ABOUT THIS EXERCISE ::
Below are several records. Retype exactly those lines running from the one with "Baju Kemeja Wash" through the one with "VNL(ネーションズリーグ)", end lines included, and no others.

INFORMATION PROVIDED: Begin

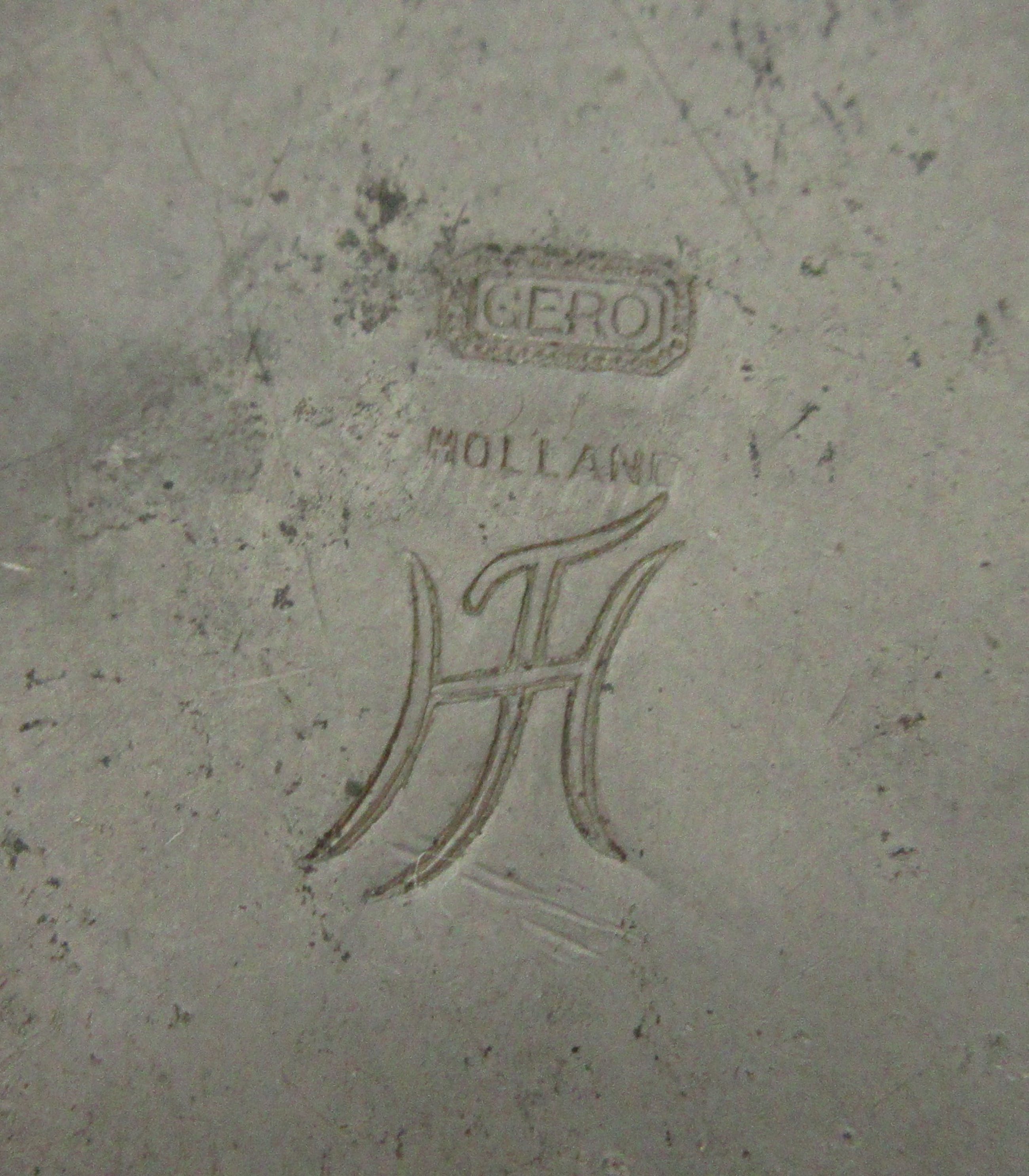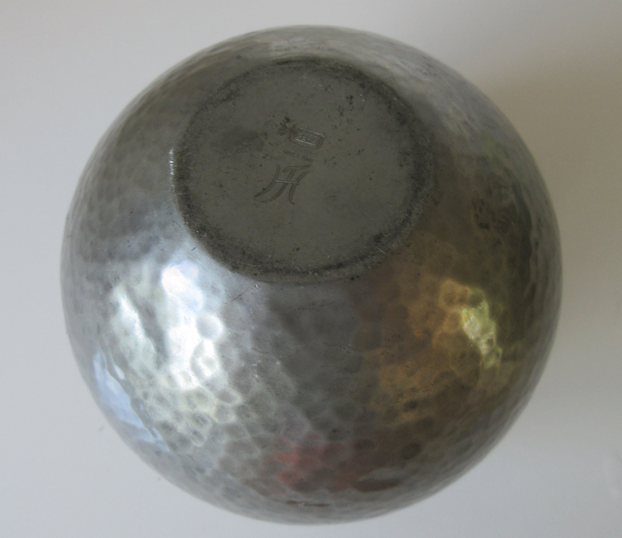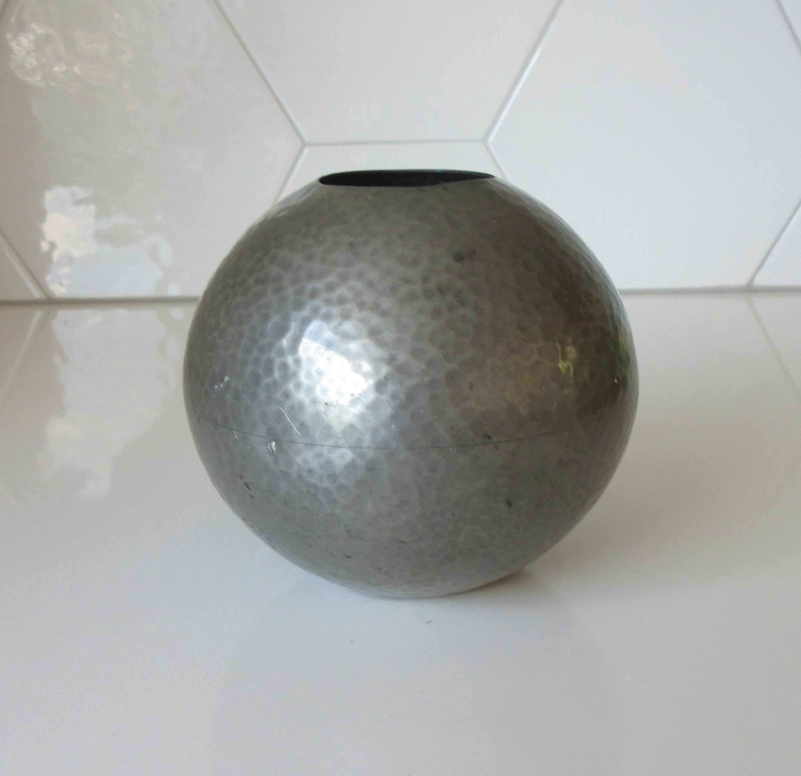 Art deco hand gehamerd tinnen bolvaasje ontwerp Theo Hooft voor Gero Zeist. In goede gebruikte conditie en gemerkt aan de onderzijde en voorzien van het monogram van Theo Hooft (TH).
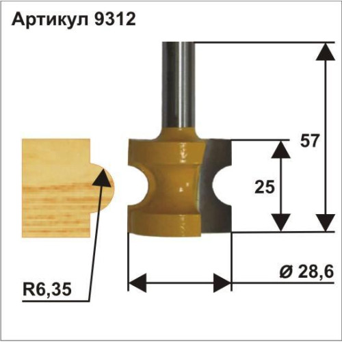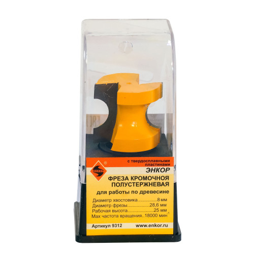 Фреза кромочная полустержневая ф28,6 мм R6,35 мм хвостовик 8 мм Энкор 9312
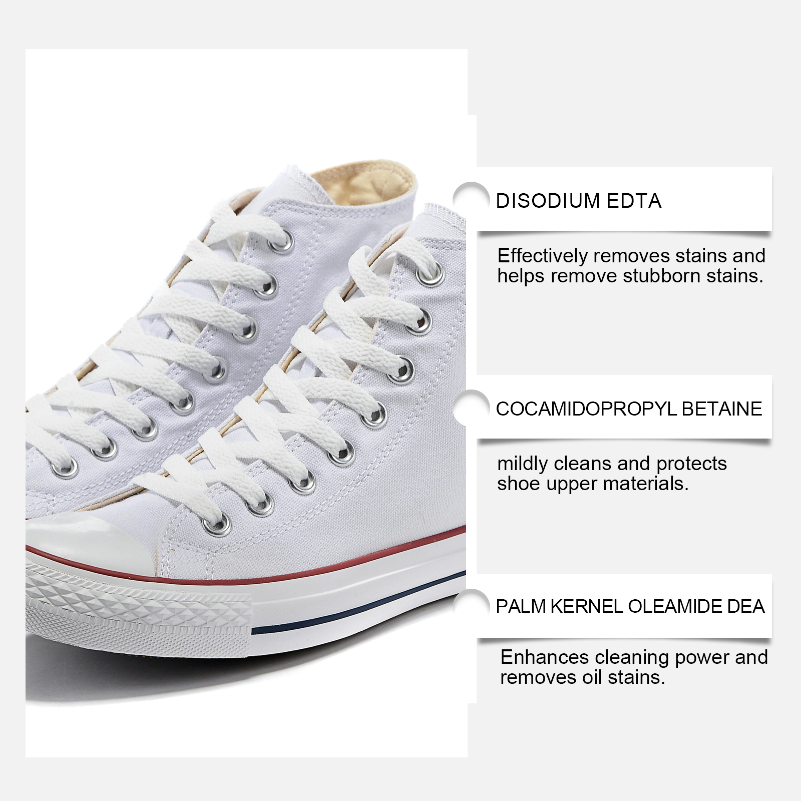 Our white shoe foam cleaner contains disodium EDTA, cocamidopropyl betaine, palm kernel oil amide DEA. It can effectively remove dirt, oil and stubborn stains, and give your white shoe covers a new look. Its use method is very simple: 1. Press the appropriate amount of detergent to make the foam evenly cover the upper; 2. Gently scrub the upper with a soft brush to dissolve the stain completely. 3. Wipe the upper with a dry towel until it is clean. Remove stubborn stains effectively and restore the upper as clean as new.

INFORMATION PROVIDED: End
INFORMATION PROVIDED: Begin

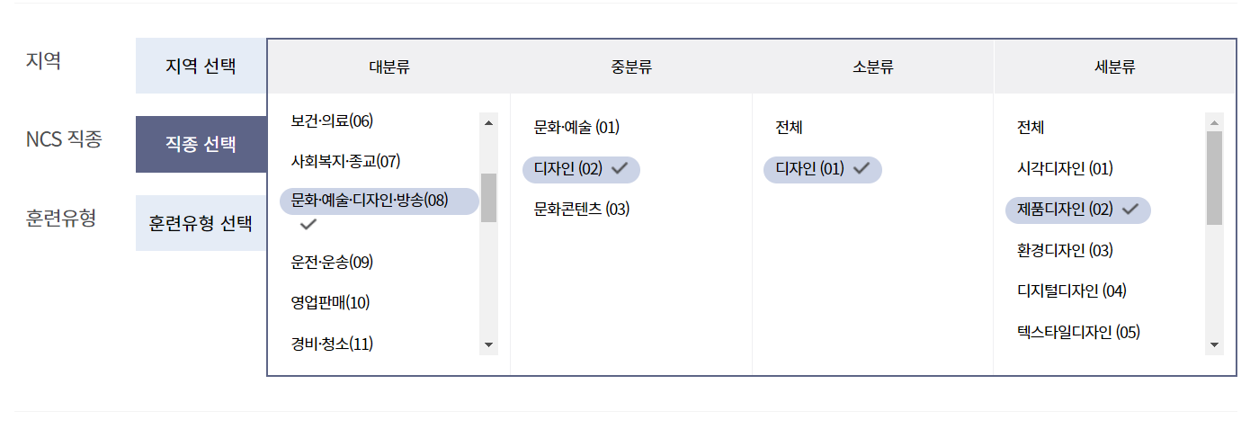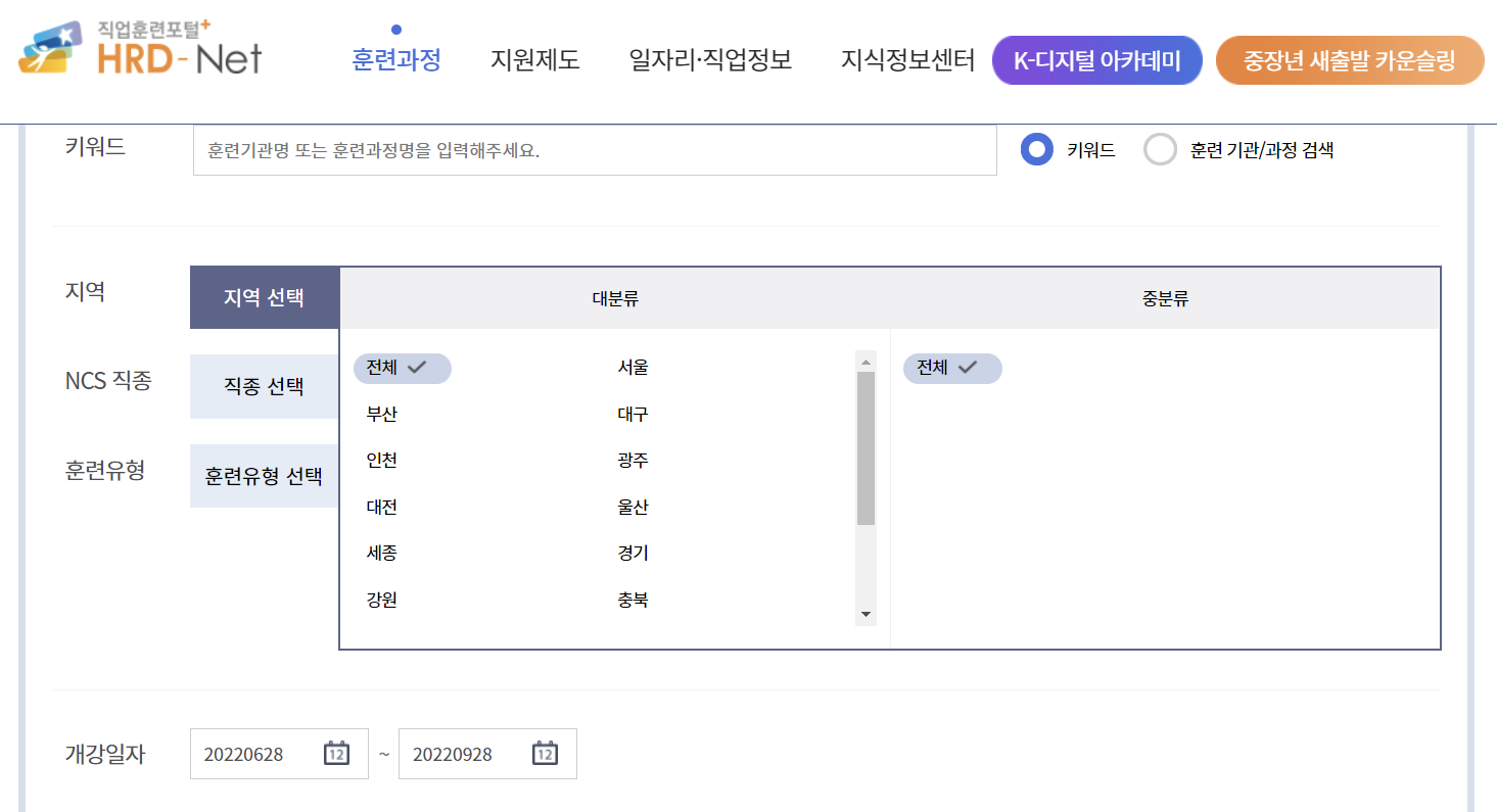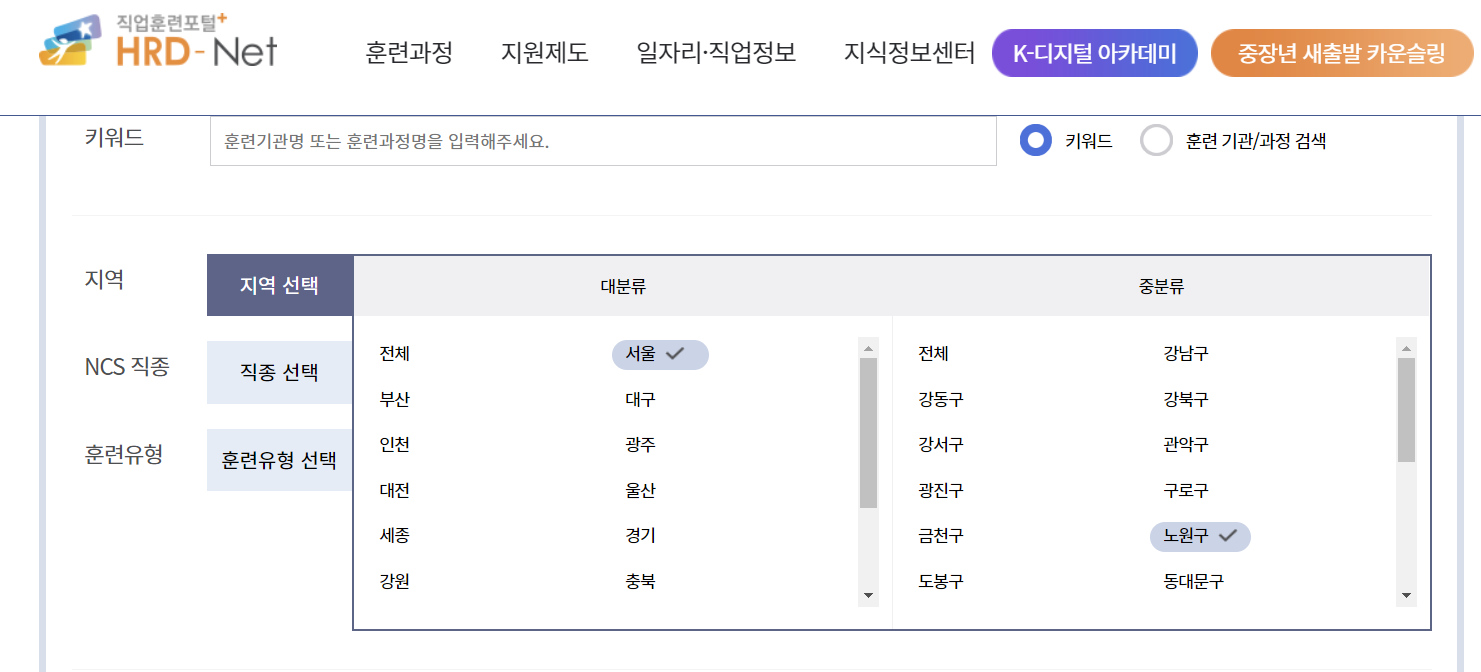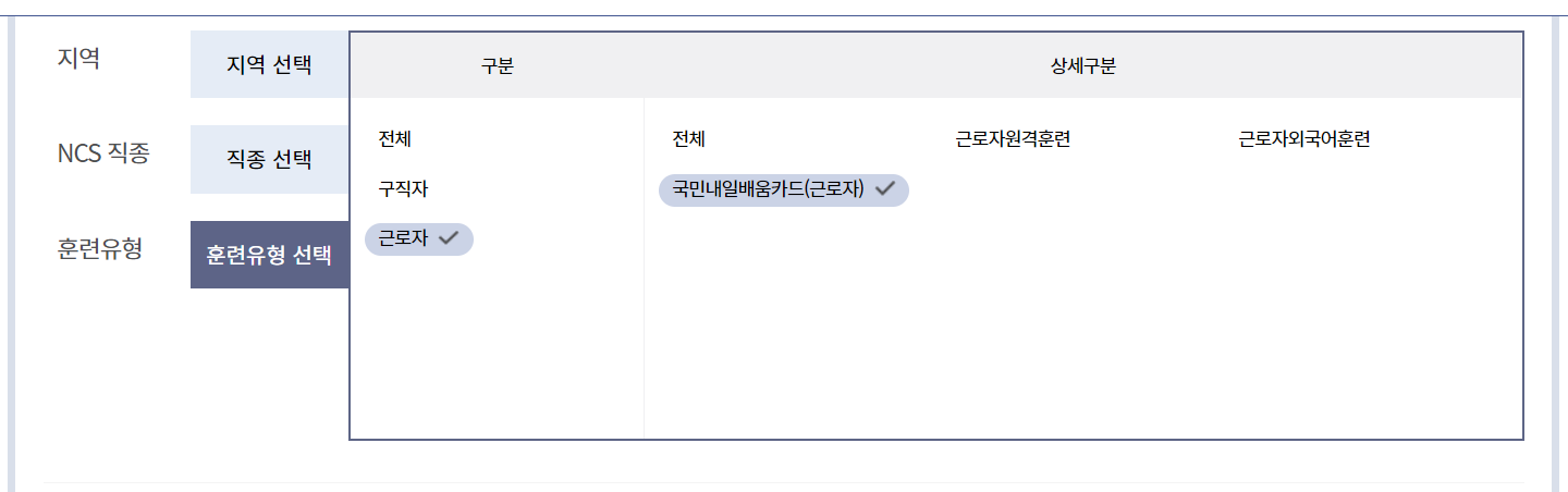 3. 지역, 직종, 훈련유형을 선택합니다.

INFORMATION PROVIDED: End
INFORMATION PROVIDED: Begin

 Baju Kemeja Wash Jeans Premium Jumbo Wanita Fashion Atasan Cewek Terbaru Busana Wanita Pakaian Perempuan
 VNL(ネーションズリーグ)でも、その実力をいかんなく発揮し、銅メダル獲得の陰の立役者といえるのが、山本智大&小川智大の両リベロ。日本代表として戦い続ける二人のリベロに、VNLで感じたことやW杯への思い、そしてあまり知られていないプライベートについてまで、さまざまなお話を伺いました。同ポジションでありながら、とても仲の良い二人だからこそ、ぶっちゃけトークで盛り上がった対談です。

INFORMATION PROVIDED: End

ANSWER FOR THE TASK ::
 Baju Kemeja Wash Jeans Premium Jumbo Wanita Fashion Atasan Cewek Terbaru Busana Wanita Pakaian Perempuan
 VNL(ネーションズリーグ)でも、その実力をいかんなく発揮し、銅メダル獲得の陰の立役者といえるのが、山本智大&小川智大の両リベロ。日本代表として戦い続ける二人のリベロに、VNLで感じたことやW杯への思い、そしてあまり知られていないプライベートについてまで、さまざまなお話を伺いました。同ポジションでありながら、とても仲の良い二人だからこそ、ぶっちゃけトークで盛り上がった対談です。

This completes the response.